The safety and scientific validity of this study is the responsibility of the study sponsor and investigators. Listing a study does not mean it has been evaluated by the U.S. Federal Government. Read our disclaimer for details. Identifier: NCT01388296
Recruitment Status : Unknown
Verified December 2013 by Ahed ZEIDAN, Procare Riaya Hospital.
Recruitment status was:  Recruiting
First Posted : July 6, 2011
Last Update Posted : December 3, 2013
Information provided by (Responsible Party):
Ahed ZEIDAN, Procare Riaya Hospital

Brief Summary:
the target of this study is to assess the minimum alveolar concentration of sevoflurane to maintain theBispectral Index below 50.The minimum alveolar concentration (MAC) for maintaining Bispectral Index below 50 (MACBIS50) of sevoflurane has been reported previously in adult with Body Mass Index ( BMI) < 40 to be 0.97 and in enfant to be 2.83%, However, there is no study assessed theBispectral Index below 50 (MACBIS50 ) in morbidly obese patient (BMI > 40).

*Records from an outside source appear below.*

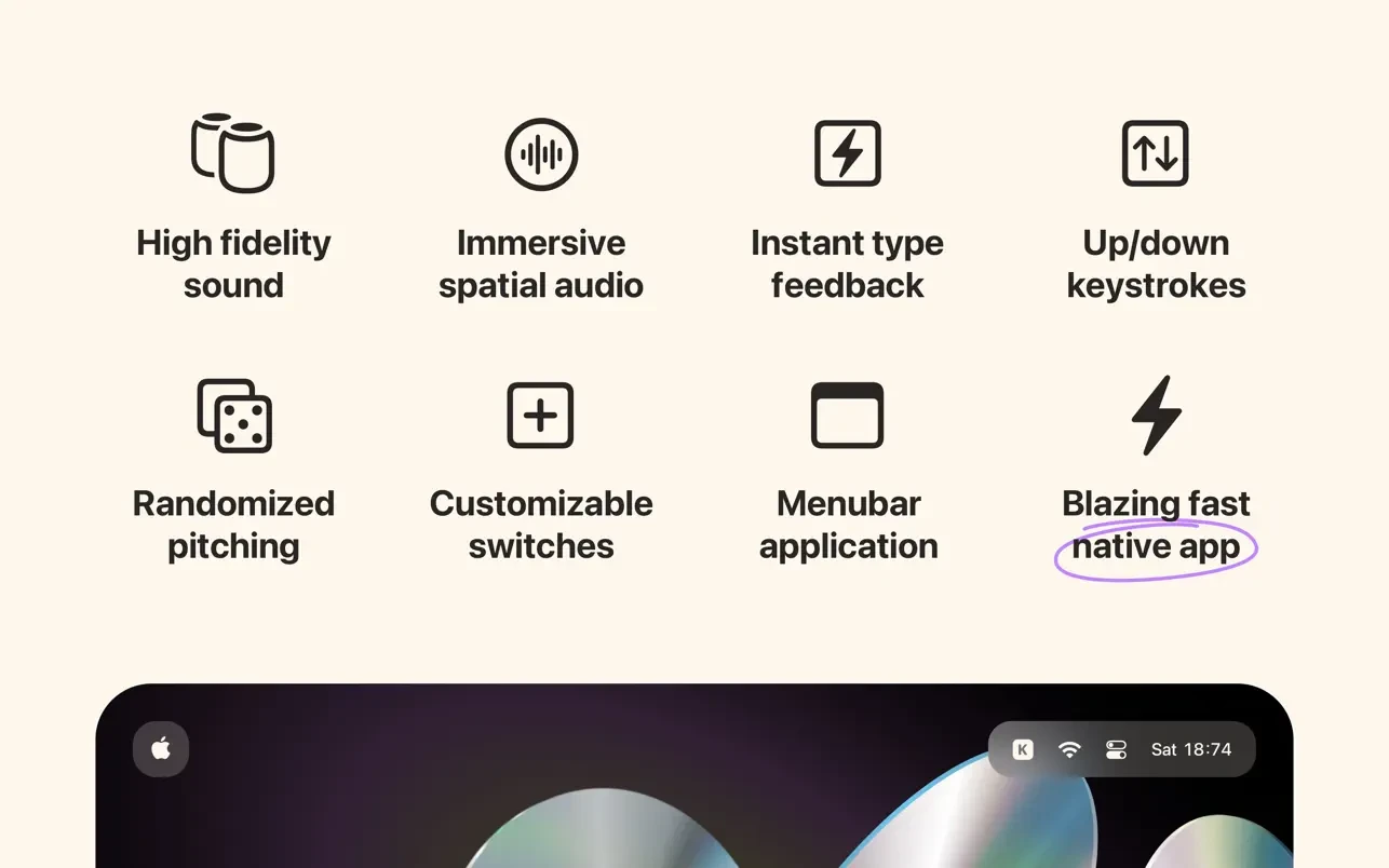 Klack 是一款专为 Mac 设计的应用程序,旨在模拟机械键盘的打字体验。它会在你每次敲击键盘时,通过电脑扬声器实时播放对应的按键音效。
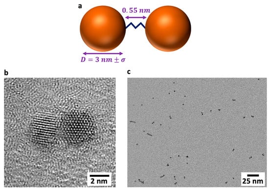 (a) Schematic representation of a CdSe quasi-homodimer. The dimer is assembled by covalently bonding two QDs with a 0.55 nm ligand. The QDs are drawn from an ensemble with a mean diameter, , of 3 nm and size dispersion, . (b) A high-resolution transmission electronic microscopy (HR-TEM) image of one of the quasi-homodimers prepared for this work. (c) A larger TEM micrograph of the CdSe QDs dimers.
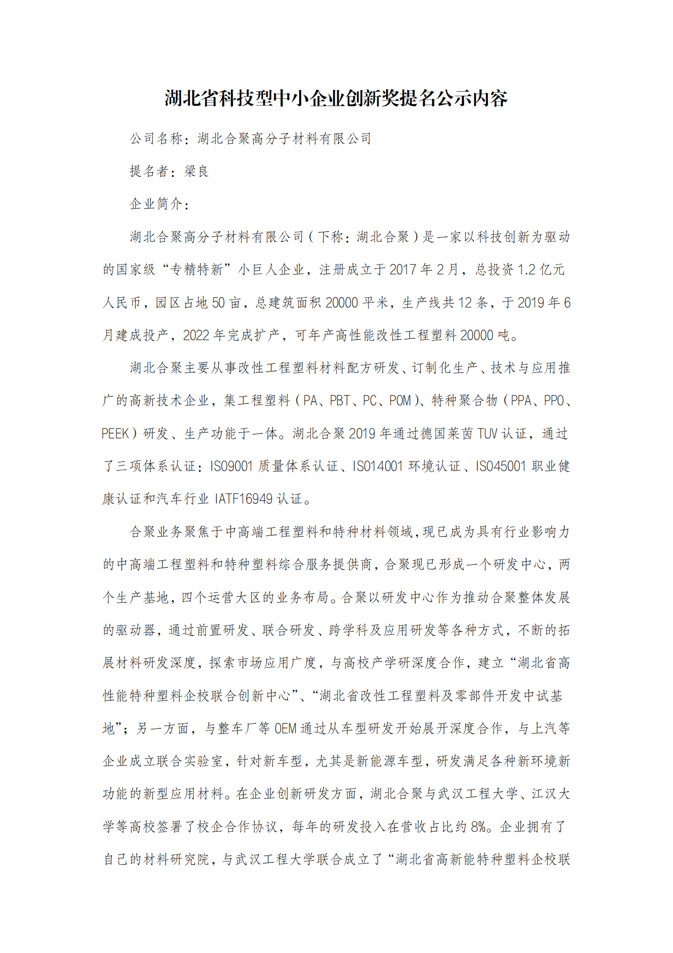 湖北省科技型中小企業(yè)創(chuàng)新獎提名公示內(nèi)容
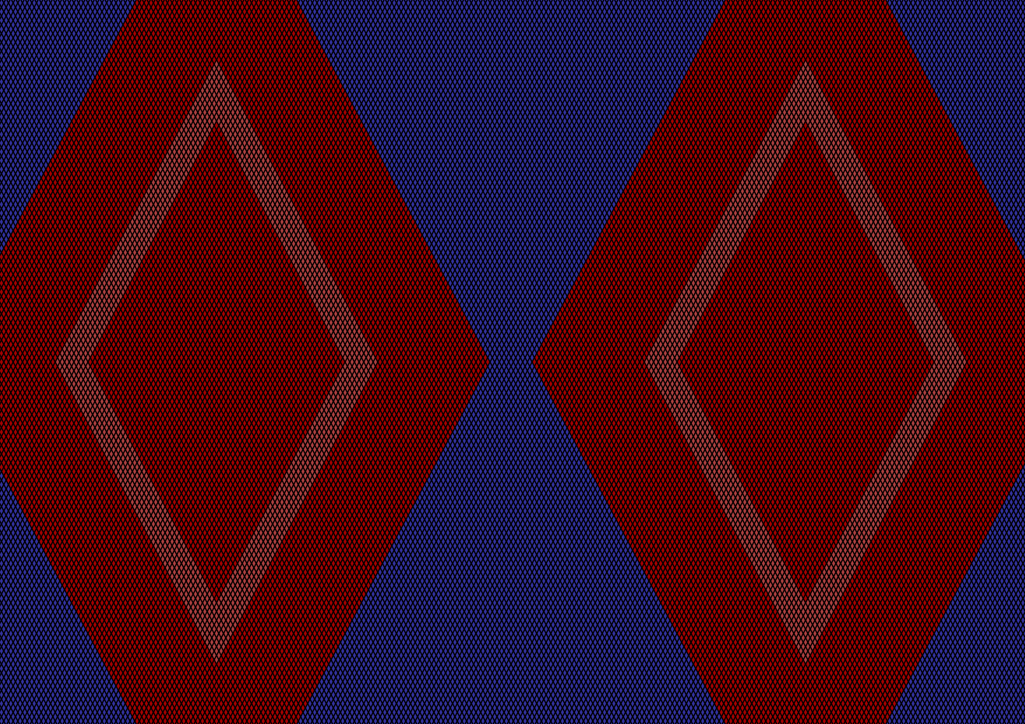 Dieses Bild illustrierte ich nach dieser Erfahrung. (und ist der Grund für die größere Verzögerung bis zu diesem Erfahrungsbericht) Die wellenartigen Farbwechsel gingen von den beiden, an ein Augenpaar erinnernden großen, hellen Kristallformen aus. Hier ist ein Farbwechsel von Blau auf Rot zu sehen. Er kam auch von Blau auf Gelb vor, dann wieder von Gelb auf Blau und anschließend von Blau auf Rot. Stets war das Bild nach einem Farbwechsel einige Momente lang komplett in einer Farbe mit den beiden großen, kristallförmigen, helleren Bereichen zu erkennen, die mich aber erst zurück in der Nüchternheit an Augen erinnerten. Diese beiden großen Kristalle waren während dieser Phase die ganze Zeit über präsent und stets heller als ihre Umgebung.
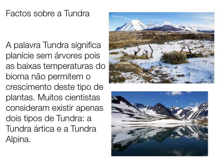 A palavra Tundra significa planície sem árvores pois as baixas temperaturas do bioma não permitem o crescimento deste tipo de plantas. Muitos cientistas consideram existir apenas dois tipos de Tundra: a Tundra ártica e a Tundra Alpina.
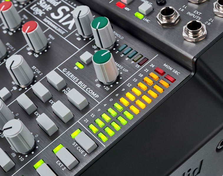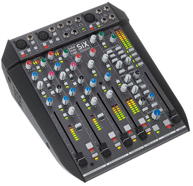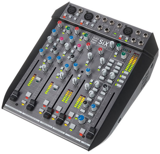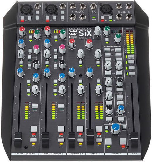 SSL SiX – аналоговая настольная консоль профессионального уровня, сочетающая в себе микшер и инструменты SSL под обработку звука. Предназначена для использования в студии, в постпродакшне, на сцене и для подкастинга. Имеется два канала записи с микрофонными предусилителями Super Analogue. Они обеспечивают усиление 66 дБ, низкий уровень шума и искажений при широком динамическом диапазоне.
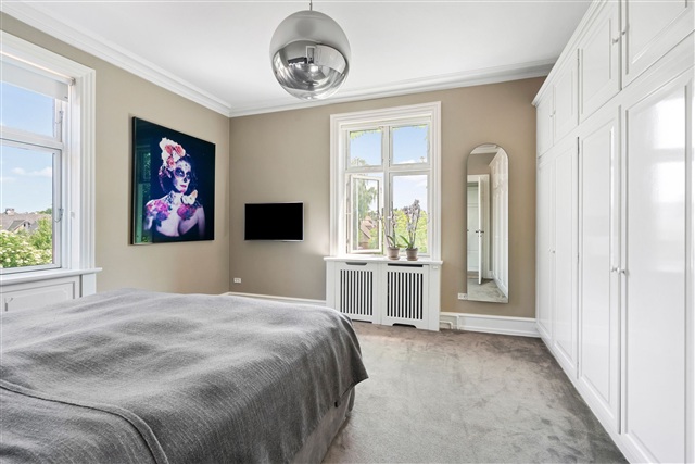 This beautifully renovated apartment demonstrates meticulous attention to materials and craftsmanship, embodying the spirit of Bedre Byggeskik as if created in 2025. The kitchen and bathrooms are modern and elegant, complemented by tall paneling and an abundance of natural light throughout. The rooftop terrace stands out as a private sanctuary, providing daily encounters with the sky’s birds and stars, exclusive to this residence.
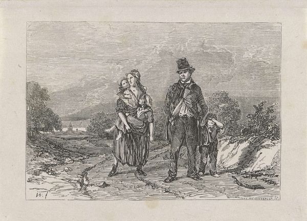 Curator: Today, we're examining a lithograph from around the 19th century by Honoré Daumier, titled "En v'la un qu'est un drôle de corps . . ." The piece presents a caricature of a landscape painter, as observed by two figures in the foreground. What are your initial thoughts? Editor: It strikes me immediately as a work deeply embedded in social observation. The rough lines and the seemingly quickly rendered details feel very connected to a specific moment and the everyday materials of printmaking available at that time. Curator: Absolutely. The composition itself is rather ingenious. The artist has clearly captured an attitude, a specific socio-economic class scrutinizing the bourgeois landscape painter. Daumier masterfully employs contrasting lines—the crude rendering of the two figures set against the more delicate strokes suggesting the landscape painter at work. The landscape is just the material representation. Editor: The medium, lithography, also informs the message. This isn't some grand oil painting meant for a salon. It's a print, intended for wider distribution, engaging with contemporary discussions and likely sparking dialogue among the working class who would recognize the class commentary. The accessibility of the printed image invites more eyes, not fewer. Curator: Precisely! Daumier used the means of production to comment on it. He also cleverly uses a subtle satire by mocking a profession—landscape painting— which then was considered one of the fine arts. The caricature-esque figures provide visual relief while the inscription adds another dimension of interpretive engagement for those that are not represented. Editor: This work really foregrounds the idea that the value of art lies in its use. In its original moment it probably incited discussion about what kind of labour counts, whose activities are memorialized as 'art,' and what is simply manual labour. Curator: Looking at the larger meaning that is encoded in Daumier’s work, it offers a fascinating reflection of the evolving status of art. Editor: Yes, by understanding the conditions and mode of production of the artwork itself, the critique is even sharper. It asks the viewer to think not just about what is represented, but also who has the privilege to represent it. Curator: This piece provides insight into art’s intricate connection to labour. Thank you for helping bring light to some other angles of thinking around the visual.
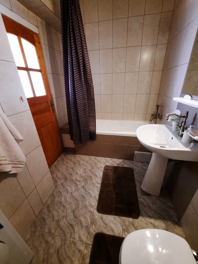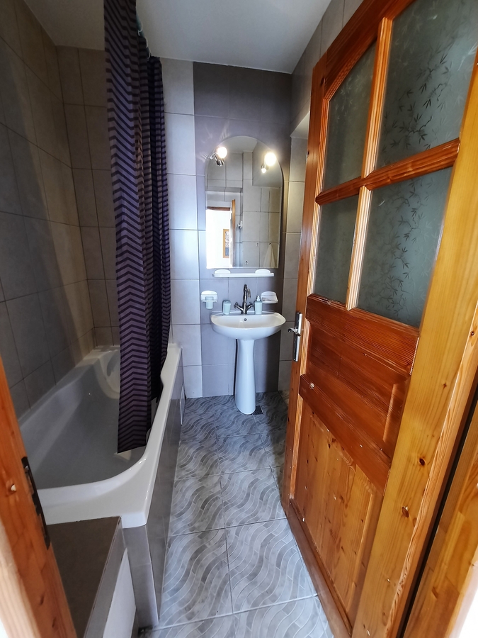 Finisaje si dotari: izolatie exterioara polistiren 10 cm, tamplarie exterioara PVC cu geam termopan, incalzire centrala termica Ferrolli si calorifere otel, pardoseli acoperite cu gresie si parchet laminat, aer conditionat, baie si bucatarie placate cu faianta import, masina de spalat, bucatarie functionala utilata: aragaz, frigider, hota precum si plase de insecte integrate la geamuri.
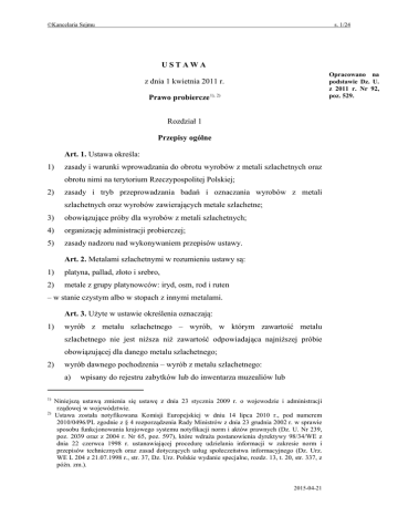 ©Kancelaria Sejmu s. 1/24 USTAWA Opracowano na podstawie Dz. U. z 2011 r. Nr 92, poz. 529. z dnia 1 kwietnia 2011 r. Prawo probiercze 1), 2) Rozdział 1 Przepisy ogólne Art. 1. Ustawa określa: 1) zasady i warunki wprowadzania do obrotu wyrobów z metali szlachetnych oraz obrotu nimi na terytorium Rzeczypospolitej Polskiej; 2) zasady i tryb przeprowadzania badań i oznaczania wyrobów z metali szlachetnych oraz wyrobów zawierających metale szlachetne; 3) obowiązujące próby dla wyrobów z metali szlachetnych; 4) organizację administracji probierczej; 5) zasady nadzoru nad wykonywaniem przepisów ustawy. Art. 2. Metalami szlachetnymi w rozumieniu ustawy są: 1) platyna, pallad, złoto i srebro, 2) metale z grupy platynowców: iryd, osm, rod i ruten – w stanie czystym albo w stopach z innymi metalami. Art. 3. Użyte w ustawie określenia oznaczają: 1) wyrób z metalu szlachetnego – wyrób, w którym zawartość metalu szlachetnego nie jest niższa niż zawartość odpowiadająca najniższej próbie obowiązującej dla danego metalu szlachetnego; 2) wyrób dawnego pochodzenia – wyrób z metalu szlachetnego: a) 1) 2) wpisany do rejestru zabytków lub do inwentarza muzealiów lub Niniejszą ustawą zmienia się ustawę z dnia 23 stycznia 2009 r. o wojewodzie i administracji rządowej w województwie. Ustawa została notyfikowana Komisji Europejskiej w dniu 14 lipca 2010 r., pod numerem 2010/0496/PL zgodnie z § 4 rozporządzenia Rady Ministrów z dnia 23 grudnia 2002 r. w sprawie sposobu funkcjonowania krajowego systemu notyfikacji norm i aktów prawnych (Dz. U. Nr 239, poz. 2039 oraz z 2004 r. Nr 65, poz. 597), które wdraża postanowienia dyrektywy 98/34/WE z dnia 22 czerwca 1998 r. ustanawiającej procedurę udzielania informacji w zakresie norm i przepisów technicznych oraz zasad dotyczących usług społeczeństwa informacyjnego (Dz. Urz. WE L 204 z 21.07.1998 r., str. 37, Dz. Urz. Polskie wydanie specjalne, rozdz. 13, t. 20, str. 337, z późn. zm.). 2015-04-21 ©Kancelaria Sejmu b) oznaczony s. 2/24 dającymi się zidentyfikować cechami probierczymi stosowanymi przed rokiem 1962, lub c) wytworzony przed rokiem 1962, oznaczony cechami niedającymi się zidentyfikować lub nieposiadający żadnych oznaczeń, którego wartość historyczna lub artystyczna jest tak znaczna, że wartość metalu szlachetnego użytego do wytworzenia tego wyrobu przy ustalaniu jego wartości rynkowej stanowi czynnik drugorzędny; 3) cecha probiercza – prawnie chroniony znak urzędowy potwierdzający zawartość metalu szlachetnego w wyrobie; 4) wprowadzenie do obrotu – udostępnienie, nieodpłatnie albo za opłatą, po raz pierwszy wyrobu z metalu szlachetnego w celu jego używania lub sprzedaży; 5) obrót – każdorazowe udostępnienie wprowadzonego do obrotu wyrobu z metalu szlachetnego w celu jego używania lub sprzedaży; 6) świadectwo badania – dokument potwierdzający zawartość metalu szlachetnego w wyrobie; 7) próba – stosunek masy czystego metalu szlachetnego zawartego w stopie do masy stopu wyrażony w częściach tysięcznych; 8) znak imienny – indywidualny znak pozwalający na identyfikację wytwórcy wyrobu z metalu szlachetnego lub podmiotu wprowadzającego do obrotu wyrób z metalu szlachetnego wytworzony poza terytorium Rzeczypospolitej Polskiej. Rozdział 2 Zasady i warunki wprowadzania do obrotu wyrobów z metali szlachetnych oraz obrotu nimi na terytorium Rzeczypospolitej Polskiej Art. 4. Wyroby z metali szlachetnych mogą być, z zastrzeżeniem art. 6, wprowadzane do obrotu i być przedmiotem obrotu na terytorium Rzeczypospolitej Polskiej, jeżeli spełniają co najmniej 1 z następujących warunków: 1) są oznaczone: a) polskimi cechami probierczymi, b) cechami probierczymi, których obowiązek uznawania wynika z wiążących Rzeczpospolitą Polską umów międzynarodowych, 2015-04-21 ©Kancelaria Sejmu c) s. 3/24 cechami probierczymi, na podstawie których dopuszczono wyroby z metali szlachetnych do obrotu w państwach członkowskich Unii Europejskiej, w państwach członkowskich Europejskiego Porozumienia o Wolnym Handlu (EFTA) – stronach umowy o Europejskim Obszarze Gospodarczym lub w Republice Turcji; 2) posiadają świadectwo badania. Art. 5. 1. Podmiot wprowadzający do obrotu wyroby z metali szlachetnych jest obowiązany do zapewnienia spełnienia przez te wyroby co najmniej 1 z warunków, o których mowa w art. 4. 2. Podmiot dokonujący obrotu wyrobami z metali szlachetnych może dokonywać obrotu tymi wyrobami wyłącznie po spełnieniu co najmniej 1 z warunków określonych w art. 4. Art. 6. 1. Przepisu art. 4 nie stosuje się do następujących wyrobów z metali szlachetnych: 1) w których masa części wykonanych ze stopu metali szlachetnych jest mniejsza niż: a) 1 gram – dla stopów platyny, b) 1 gram – dla stopów złota, c) 5 gramów – dla stopów srebra; 2) wyrobów dawnego pochodzenia; 3) narzędzi i aparatów lub ich części, służących do celów naukowych i przemysłowych; 4) wyrobów medycznych, wyrobów medycznych do diagnostyki in vitro, wyposażenia wyrobów medycznych, wyposażenia wyrobów medycznych do diagnostyki in vitro oraz aktywnych wyrobów medycznych do implantacji, w rozumieniu przepisów ustawy z dnia 20 maja 2010 r. o wyrobach medycznych (Dz. U. Nr 107, poz. 679), lub ich części; 5) odznaczeń i orderów w rozumieniu przepisów ustawy z dnia 16 października 1992 r. o orderach i odznaczeniach (Dz. U. Nr 90, poz. 450, z późn. zm. 3)) oraz 3) Zmiany wymienionej ustawy zostały ogłoszone w Dz. U. z 1999 r. Nr 101, poz. 1177, z 2000 r. Nr 62, poz. 718, z 2002 r. Nr 73, poz. 676, z 2006 r. Nr 104, poz. 708 i 711 i Nr 194, poz. 1432, z 2007 r. Nr 25, poz. 162 i Nr 123, poz. 848, z 2009 r. Nr 168, poz. 1323 oraz z 2010 r. Nr 155, poz. 1041. 2015-04-21 ©Kancelaria Sejmu s. 4/24 odznak honorowych ustanowionych na podstawie przepisów ustawy z dnia 21 grudnia 1978 r. o odznakach i mundurach (Dz. U. Nr 31, poz. 130
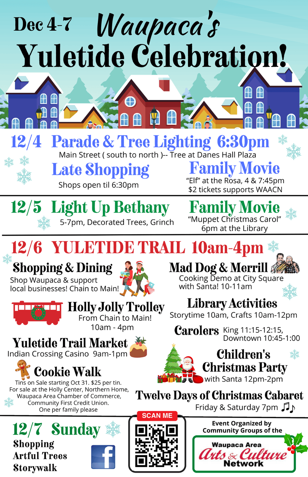 - ON SALE NOW: 2025 Yuletide Trail cookie tins ($25 each) on sale at the Holly Center, Community First Credit Union, Northern Home and Waupaca Area Chamber of Commerce
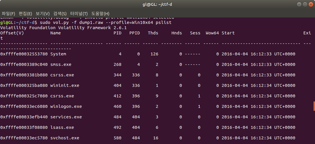 sudo vol.py -f dump1.raw imageinfo를 하면 Win10x64가 나온다.

The first aim of our study is to assess the MACBIS50 of sevoflurane in morbidly obese patients BMI 40 - 70 using the Continuous Reassessment Method (CRM) in 80 % of patients.

Condition or disease

Detailed Description:

After ethical committee approval and written informed consent, 30 morbidly obese adult patients , BMI 40- 70Kg/m², ASA physical status 1 and 2 , aged 18-49 yr, , undergoing elective bariatric surgery under general anesthesia using sevoflurane, were included in this study.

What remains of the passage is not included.